- _RECORDS SHOWN_
☆ ☆ ☆ ☆ ☆ ☆ ☆
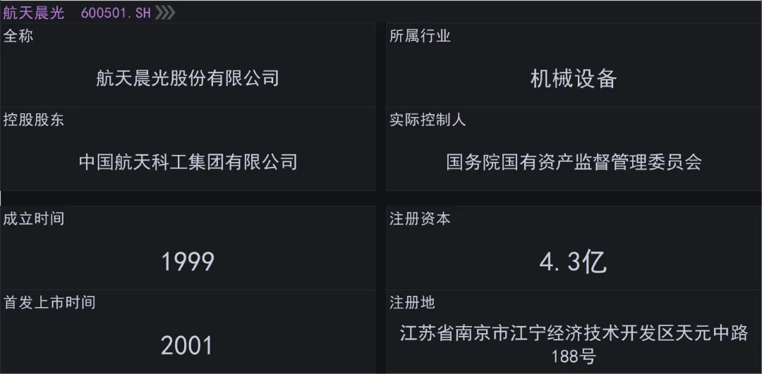 航天晨光全称叫做航天晨光股份有限公司,注册地在江苏省南京市,股票2001年在上交所上市,公司的控股股东是中国航天科工集团,实际控制人是国务院国资委,组织形式属于央企子公司,审计机构是中审众环会计师事务所。
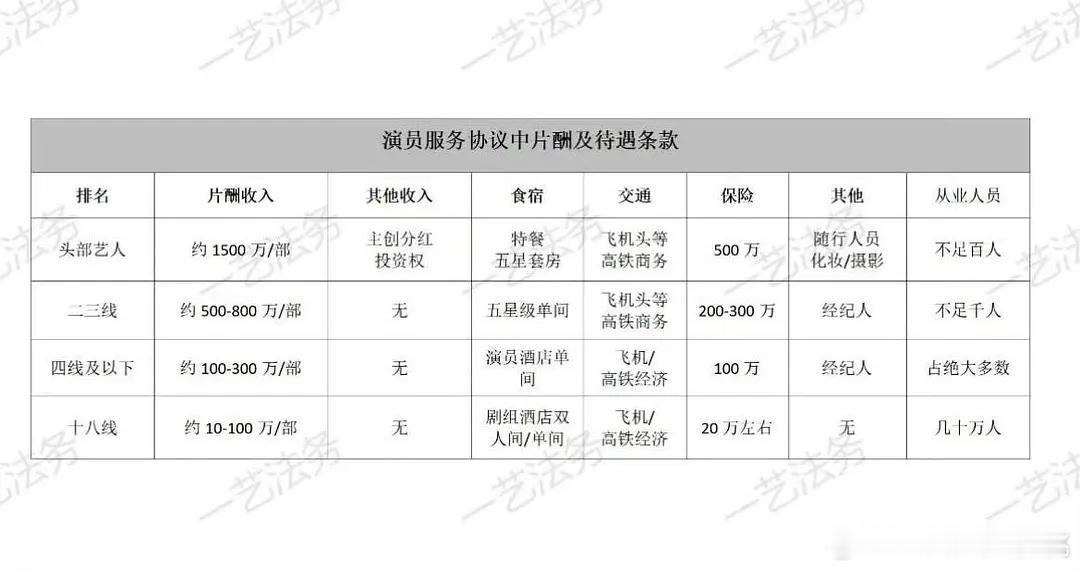 头部演员片酬砍半,另附一个片酬等级不知道真假的
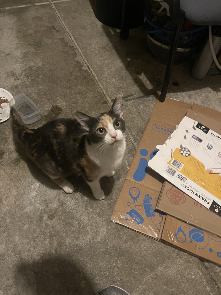 Short hair calico with some white. Stub tail. Very friendly and approachable. Proof of ownership required.
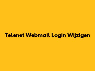 Telenet Webmail Login Wijzigen
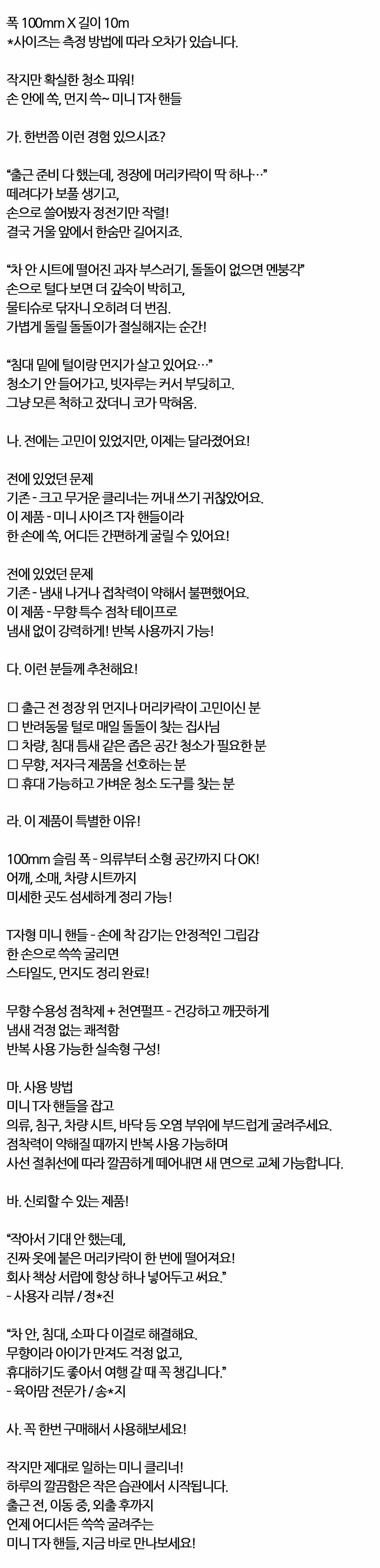 차 안 시트에 떨어진 과자 부스러기 T자 테이프클리너
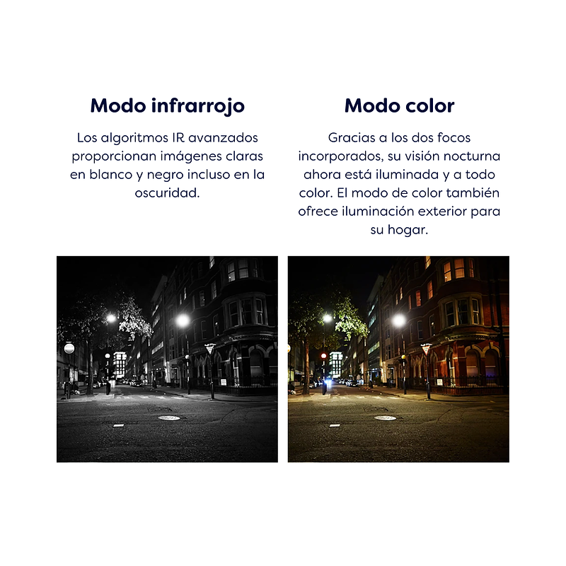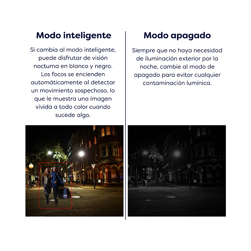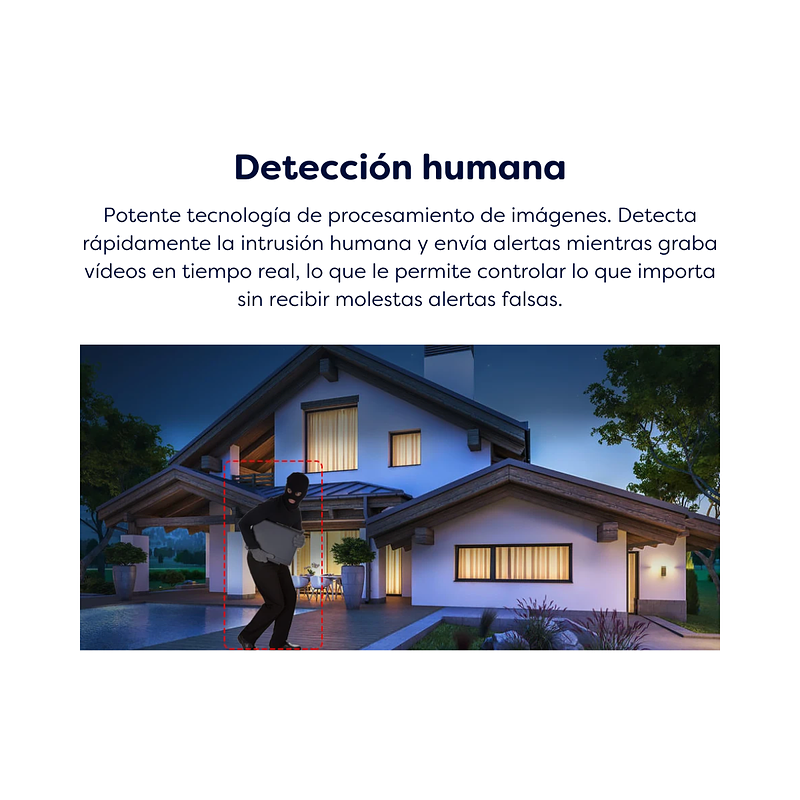 Sirena incorporada | Seguimiento inteligente | Modo de privacidad | Alarma de sonido anormal | Visión nocturna | Audio bidireccional | Nube.
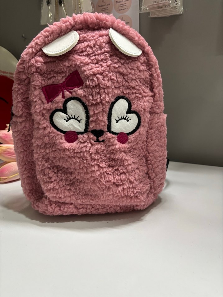 Yumuşak ve peluş pembe çocuk okul çantası, önünde sevimli hayvan yüzü ve fiyonk detayıyla.
☆ ☆ ☆ ☆ ☆ ☆ ☆
- _PROBLEM REQUIREMENTS_
Pictures stay out; reproduce exactly the lines from the one containing "Telenet Webmail Login Wijzigen" through the end of the data.

- _YOUR SOLUTION_
 Telenet Webmail Login Wijzigen
 차 안 시트에 떨어진 과자 부스러기 T자 테이프클리너
 Sirena incorporada | Seguimiento inteligente | Modo de privacidad | Alarma de sonido anormal | Visión nocturna | Audio bidireccional | Nube.
 Yumuşak ve peluş pembe çocuk okul çantası, önünde sevimli hayvan yüzü ve fiyonk detayıyla.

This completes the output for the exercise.